From a supplier perspective the performance of some of the industry’s key suppliers was equally uninspiring. In a similar situation to Ford, many of the Tier 1 suppliers saw a drop in North American sales but they reached profitability due to stronger sales performances in Europe. Delphi for example was due to exit Chapter 11 in early April, until a $2.5 billion restructuring package provided by Appaloosa Management LP was pulled at the last minute. This meant that Delphi have had to rewrite its financing package once again and seek support from former owner GM. As mentioned before, the situation at Delphi partly contributed to the profitability of GM for the last quarter. So it will be a while longer before Delphi exit Chapter 11 bankruptcy protection and they will have to continue taking costs out of their business to help boost profitability and improve opportunities for growth. Since Delphi was spun out of GM in 1999, GM has seen their Delphi related charges grow to $8.3 billion.

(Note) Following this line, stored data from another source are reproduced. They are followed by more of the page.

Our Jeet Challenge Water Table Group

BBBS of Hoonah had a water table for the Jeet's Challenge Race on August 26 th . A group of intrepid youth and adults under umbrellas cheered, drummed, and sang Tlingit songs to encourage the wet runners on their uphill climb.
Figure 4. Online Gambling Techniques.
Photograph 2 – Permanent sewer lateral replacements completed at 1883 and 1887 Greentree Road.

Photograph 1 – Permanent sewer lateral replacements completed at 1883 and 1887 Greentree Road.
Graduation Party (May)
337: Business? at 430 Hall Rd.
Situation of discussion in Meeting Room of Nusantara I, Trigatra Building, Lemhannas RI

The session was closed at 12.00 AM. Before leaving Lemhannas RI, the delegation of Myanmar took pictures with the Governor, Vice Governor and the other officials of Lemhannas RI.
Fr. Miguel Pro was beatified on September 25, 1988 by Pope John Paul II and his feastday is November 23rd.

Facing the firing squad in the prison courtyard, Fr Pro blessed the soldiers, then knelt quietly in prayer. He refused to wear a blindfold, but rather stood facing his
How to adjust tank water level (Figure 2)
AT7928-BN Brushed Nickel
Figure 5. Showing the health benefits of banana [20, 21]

Visteon, formerly part of Ford, also saw a Q1 loss of $105 million on revenue of $2.86 billion, these figures were as a result of plant closures and lower production levels by North American based automakers. Visteon still generates a third of its sales from Ford but has made significant steps to expand into new markets such as China which has helped reduce their overall losses. Despite the market conditions Visteon expects to either make a loss of $25 million or a profit of $25 million in 2008.

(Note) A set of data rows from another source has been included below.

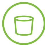
Paper chip & sauce cups
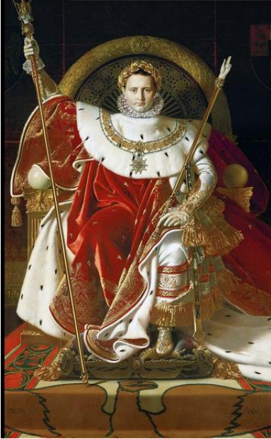
Napoléon 1 er sur le trône impérial Jean-Auguste-Dominique Ingres Huile sur toile 1806 Musée de l'Armée, Paris

Title of the document : Portrait of Napoleon the 1st (= Napoleon Bonaparte)
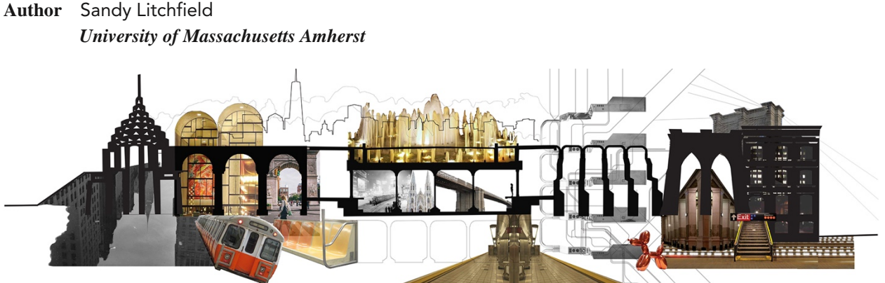
Figure 1. Student Madeline Berry's panoramic drawing of New York City

Representing the urban environment is a challenging but integral component of architecture and urban design education. As students become familiar with the process of site analysis, they must also learn to present their research through drawing conventions like perspective, plans, elevations and cross sections in conjunction with graphic diagrams and illustrations. The recent influx of digital technology and visual literacy is radically transforming these conventions, enabling designers to merge, morph and invent imaging techniques used both for analysis and communication.
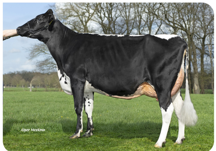
Angels Holdi 563 (s. Redstar) Owner: Angels Holsteins, Meijel (NL)
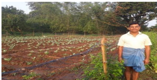
Pigeon pea Field

Brief- The farmer used to get annual income of Rs. 105850.00 from Rice, Maize, Tomato, Ladyfinger, and Cow etc. He faced problems like unavailability of critical inputs in local market and financial support from bank. With DFI interventions like creation of irrigation facility, Use of improved variety etc. Now, he is getting annual income of Rs. 603280.00 which is Rs. 4974300.00 more compared to base year 2016-17 i.e 470% increase in income in 2020-21.
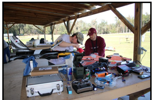
A serious workbench
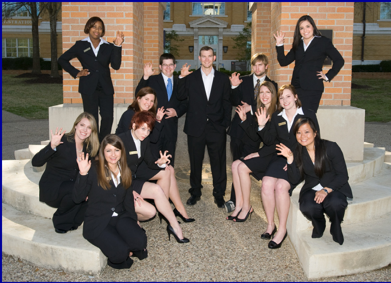
Honors Ambassadors Showing Bearkat Sprit

The Honors Ambassadors is an elite group of enthusiastic and involved honors students who represent the highest ideals of the university. Through leadership and service, the Ambassadors sponsor special events that support and enhance the honors community at SHSU. They serve as official representatives of the Honors College at SHSU events. These include Saturdays at Sam, the High School Honors Dinner, Summer Orientation, and Let's Talk. They also mentor new students, organize the undergraduate research symposium, and assist in recruiting honors students.
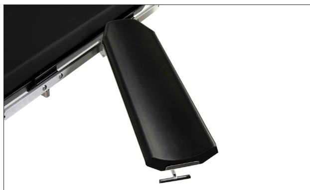
514-50-3SR025 Adjustable arm board with pad
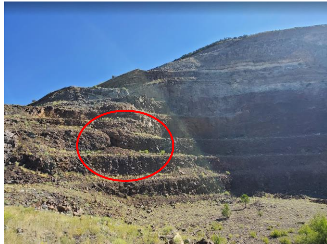
View to the northwest of highwall. Erosion channels can be seen on the north end of the pit highwall.

American Axle, a key supplier to GM and following recent strike action managed to seriously affect production at a number of GM’s North American plants. American Axle is currently in an 8 week strike however they confidently told their own suppliers to be ready to begin production shortly. Now it is OK for American Axle to say that their suppliers should be prepared to start production, but how does a supplier fund such production if they are not sure when the parts will be shipped and hence payment received?, at the other end of the supply chain how much inventory should GM hold to avoid any potential out of stock situations and hence avoid production stoppages? Managing inventory in today’s economy is on a knife edge, get it wrong and it will have a serious financial impact on the customer, get it right and it will bring improved supply chain performance, reduced costs and hopefully increased sales. The strike at American Axle centres around different plants receiving different benefits packages, their workers want to see a single and consistent package applied across the whole business. American Axle have invested in new low cost, high quality manufacturing plants in China, India and Poland so hopefully, once the strike action is resolved, they will be able to continue along a path of continued growth.

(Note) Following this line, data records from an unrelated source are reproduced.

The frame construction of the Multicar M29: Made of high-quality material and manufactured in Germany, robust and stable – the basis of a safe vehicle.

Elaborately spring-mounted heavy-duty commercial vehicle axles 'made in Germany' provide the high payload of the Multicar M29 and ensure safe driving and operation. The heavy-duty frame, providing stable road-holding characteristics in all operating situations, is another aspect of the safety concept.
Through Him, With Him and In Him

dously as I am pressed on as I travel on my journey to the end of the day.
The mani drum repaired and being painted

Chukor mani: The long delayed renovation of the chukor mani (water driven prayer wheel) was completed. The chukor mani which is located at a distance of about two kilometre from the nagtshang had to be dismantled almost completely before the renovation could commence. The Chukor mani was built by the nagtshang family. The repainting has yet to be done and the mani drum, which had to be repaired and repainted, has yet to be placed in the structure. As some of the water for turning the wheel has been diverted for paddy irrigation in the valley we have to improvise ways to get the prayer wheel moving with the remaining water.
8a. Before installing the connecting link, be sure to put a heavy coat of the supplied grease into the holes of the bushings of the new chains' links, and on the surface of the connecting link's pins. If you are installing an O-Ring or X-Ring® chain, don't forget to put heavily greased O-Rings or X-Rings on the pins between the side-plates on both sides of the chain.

Finally let’s take a look at a shining light in the automotive supplier community. Borg Warner saw their quarterly profit jump by 52%, again partly due to improved sales in Europe and Asia. Borg Warner are seeing an increased demand for their product technologies especially those which help improve fuel economy, lower emissions and provide better vehicle performance. Given the industry’s demand for better fuel economy and lower emissions, Borg Warner is in an excellent position to see significant growth in their business in the next few years. In fact any company producing fuel cells, batteries, electronic control systems and electric motors stands to benefit from these new market demands.
So, interesting times for many automotive companies, the general themes emerging from many of the first quarter company results is that of decreased sales in North America, increased sales in Europe, reducing costs by establishing new plants in low cost regions around the world and improving supply chain efficiencies. I will take a closer look at the performance of European and ASPAC based automotive companies in future blog posts.